*Exercise directions*
Every line of the data below is to be duplicated exactly, pictures excepted.

----- Exercise data

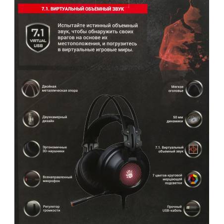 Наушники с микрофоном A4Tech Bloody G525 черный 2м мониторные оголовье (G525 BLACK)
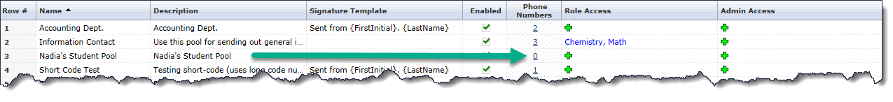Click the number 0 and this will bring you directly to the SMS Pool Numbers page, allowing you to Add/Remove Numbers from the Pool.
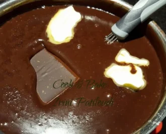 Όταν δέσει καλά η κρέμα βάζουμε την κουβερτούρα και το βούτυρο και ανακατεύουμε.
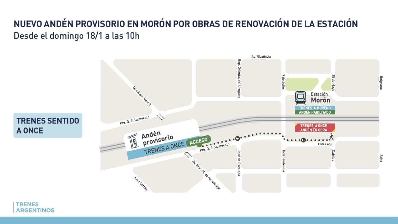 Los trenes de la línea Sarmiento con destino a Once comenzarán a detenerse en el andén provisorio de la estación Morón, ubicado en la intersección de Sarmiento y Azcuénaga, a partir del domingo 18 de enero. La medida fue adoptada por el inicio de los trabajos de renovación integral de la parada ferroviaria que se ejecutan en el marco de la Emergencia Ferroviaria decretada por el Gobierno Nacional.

----------

*Answer to the problem*
 Наушники с микрофоном A4Tech Bloody G525 черный 2м мониторные оголовье (G525 BLACK)
Click the number 0 and this will bring you directly to the SMS Pool Numbers page, allowing you to Add/Remove Numbers from the Pool.
 Όταν δέσει καλά η κρέμα βάζουμε την κουβερτούρα και το βούτυρο και ανακατεύουμε.
 Los trenes de la línea Sarmiento con destino a Once comenzarán a detenerse en el andén provisorio de la estación Morón, ubicado en la intersección de Sarmiento y Azcuénaga, a partir del domingo 18 de enero. La medida fue adoptada por el inicio de los trabajos de renovación integral de la parada ferroviaria que se ejecutan en el marco de la Emergencia Ferroviaria decretada por el Gobierno Nacional.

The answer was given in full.